Unnamed: 0,col1,col2,col3
0,A,a,1
1,B,a,1
2,A,a,5
3,A,c,4
4,C,z,1


In [8]:
total = defaultdict(lambda : defaultdict(int))

for i, (col1, col2, col3) in df.iterrows():
    total[col1][col2] += col3

In [9]:
for key, subkeys in total.items():
    for subkey, value in subkeys.items():
        print(f"{key}, {subkey}: {value}")

A, a: 6
A, c: 4
B, a: 1
C, z: 1


# Parallel Solution

Create a cluster:

In [10]:
client = Client()
client

0,1
Client  Scheduler: tcp://127.0.0.1:52646  Dashboard: http://127.0.0.1:8787/status,Cluster  Workers: 4  Cores: 4  Memory: 17.05 GB


Convert dataframe to list of tuples and then a dask bag:

In [11]:
x = list(df.itertuples())
x = db.from_sequence(x)
x

dask.bag<from_se..., npartitions=5>

Define a function to create a dict to track the counts:

In [12]:
def f(row):
    d = {}
    col1, col2, col3 = row.col1, row.col2, row.col3
    
    d[(col1, col2)] = col3
    
    return d

Define a function to combine a list of dicts:

In [13]:
def g(dict1, dict2):
    for k, v in dict2.items():
        dict1[k] += v
        
    return dict1

Do the computation:

In [14]:
results = x \
    .map(f) \
    .fold(g, initial=defaultdict(int)) \
    .compute()

Print the results:

In [15]:
for keys in sorted(results.keys()):
    key1, key2 = keys
    print(f"{key1}, {key2}: {results[keys]}")

A, a: 6
A, c: 4
B, a: 1
C, z: 1


# Timings

Create some data:

In [16]:
n = 3000000

In [17]:
big_df = pd.DataFrame({
    "col1": np.random.choice(list(string.ascii_uppercase), n, replace=True),
    "col2": np.random.choice(list(string.ascii_lowercase), n, replace=True),
    "col3": np.random.randint(1, n, n)
})

Dask solution:

In [18]:
%%time

x = list(big_df.itertuples())
x = db.from_sequence(x)

results1 = x \
    .map(f) \
    .fold(g, initial=defaultdict(int)) \
    .compute()

Wall time: 2min 36s


Pandas solution with iterrows:

In [19]:
%%time

results2 = defaultdict(lambda : defaultdict(int))

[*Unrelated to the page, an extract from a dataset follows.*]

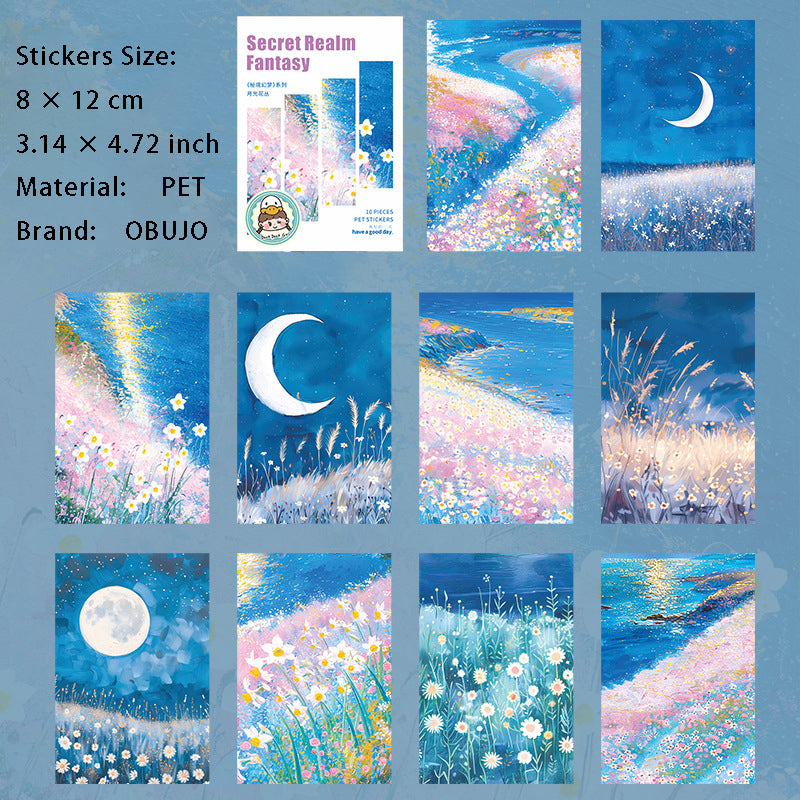 10 Pcs Fantasy Landscape PET Stickers MJHM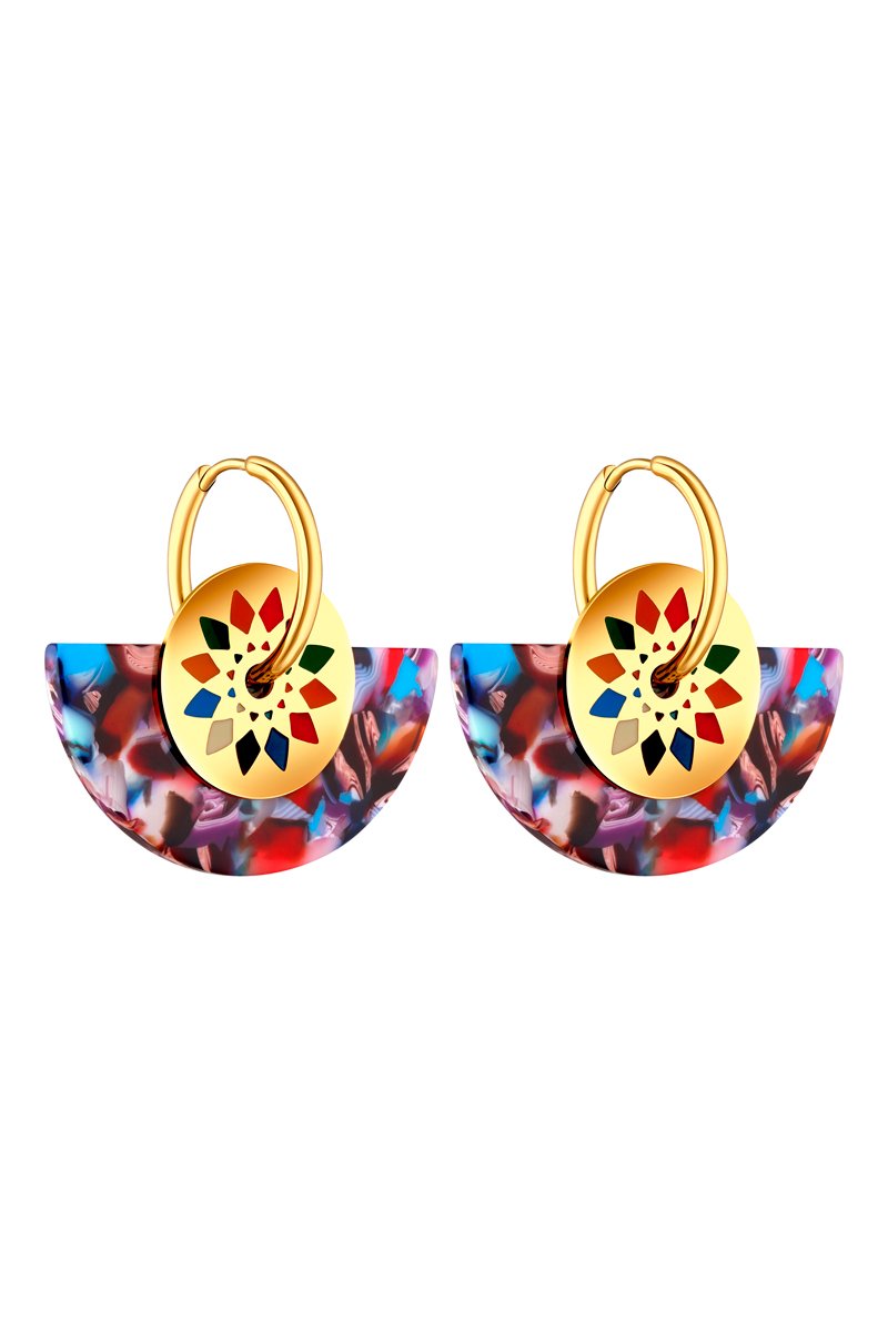 Boucles d'oreilles dorées à l'or fin jaune serties d'émail.

for i, (col1, col2, col3) in big_df.iterrows():
    results2[col1][col2] += col3

Wall time: 7min 47s


Pandas solution with itertuples:

In [20]:
%%time

results3 = defaultdict(lambda : defaultdict(int))

for (_, col1, col2, col3) in big_df.itertuples():
    results3[col1][col2] += col3

Wall time: 7.23 s


Pandas solution with custom data structure:

In [21]:
%%time

my_rows = zip(big_df["col1"], big_df["col2"], big_df["col3"])

results4 = defaultdict(lambda : defaultdict(int))

for i, (col1, col2, col3) in enumerate(my_rows):
    results4[col1][col2] += col3

Wall time: 3.08 s


Check all approches give identical results:

In [22]:
for (key1, key2), value in results1.items():
    assert results1[(key1, key2)] == results2[key1][key2]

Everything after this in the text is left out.